Statistical Analysis
All values are presented as mean ± SD. The statistical differences were determined by one-way ANOVA, followed by the Tukey posttest to assess the significance of differences between all groups. Statistical significance was set at P < 0.05.
Results
TMSCs Retain Lipophilic Dye DiO In Vitro
Adult stem cells, which divide more slowly than other somatic populations, can be identified in vivo by retention of a DNA-pulse label.15 DiO, a nontoxic, lipophilic membrane dye, can also be used to distinguish slowly dividing cells from rapidly replicating cells.16 Passage 4 TMSCs labeled with DiO and expanded for another two passages showed heterogeneity of DiO staining (Fig. 1). The DiO positive (green) cells exhibited reduced Hoechst 33342 nuclear dye (blue) consistent with the clearance of this dye in side population cells.10,17 Additionally, these DiO-retaining cells were positive for Notch1 (red); ABCG2 (purple, Figs. 1A–E, arrows); and MUC1 (purple), but not CHI3L1 (red, Figs. 1F–J), a differentiated TM cell marker. In contrast, cells in the same cultures in which DiO staining was reduced as a result of cell division expressed CHI3L1, but not MUC1 (Figs. 1F–J, arrows). These results show a correlation of stem cell markers and xenobiotic dye efflux with DiO-label-retaining by a portion of the TMSC population after expansion culture. These results also confirm that DiO labeling of TSMCs in vitro can be a useful marker of cells with stem cell potential.

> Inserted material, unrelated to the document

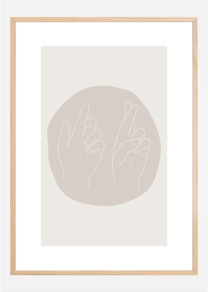 A simple print of two left hands on a circular beige shape. The circle has be mounted on a nude colour background with both hands pointing towards the top of the print. The hands are relaxed, creating a tranquil ambiance for your home. The perfect print for your work study.
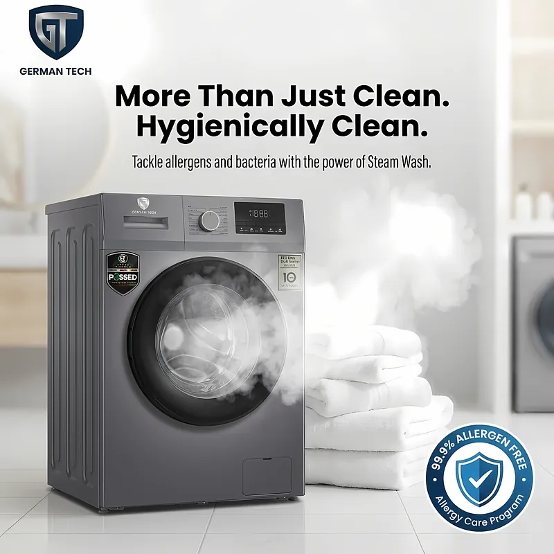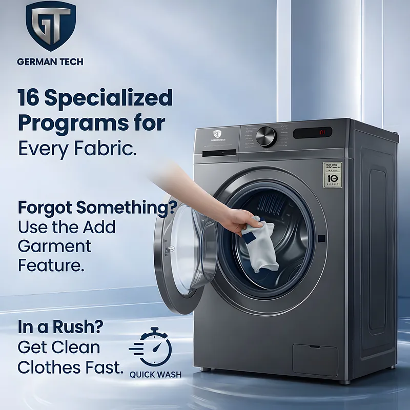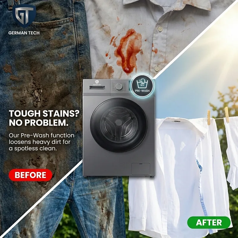 Make laundry simple, efficient, and gentle — choose the German Tech GT-8KG Washing Machine today.

TMSCs Localize to the TM after Anterior Chamber Transplantation
Human TMSCs at passage 4 were injected into the anterior chamber of C57BL/6 wild type mice at 5 × 104 cells per eye. The TMSCs were prelabeled with fluorescent green dye DiO. After 1 week, low magnification fluorescent images (Fig. 2A) revealed the majority of the TMSCs localized in the angle of the eye near the TM. Magnification of that region (Fig. 2A1) confirmed localization of the cells primarily in the TM with some in the iris. This pattern of localization was maintained at 4 weeks (Figs. 2C, 2C1) and 4 months (Figs. 2E, 2E1) after injection with no noticeable loss in DiO-labeled cells in the TM over this time period. Corneal fibroblasts injected in the same manner showed a distinctly different pattern of distribution. Fibroblasts were detected in the TM and iris at 1 week (Fig. 2B1), but the most intense concentrations of labeled cells were observed in the corneal endothelium and lens epithelium (Fig. 2B). Labeled fibroblasts were detected in these tissues throughout the 4-month experiment (Figs. 2D, 2F).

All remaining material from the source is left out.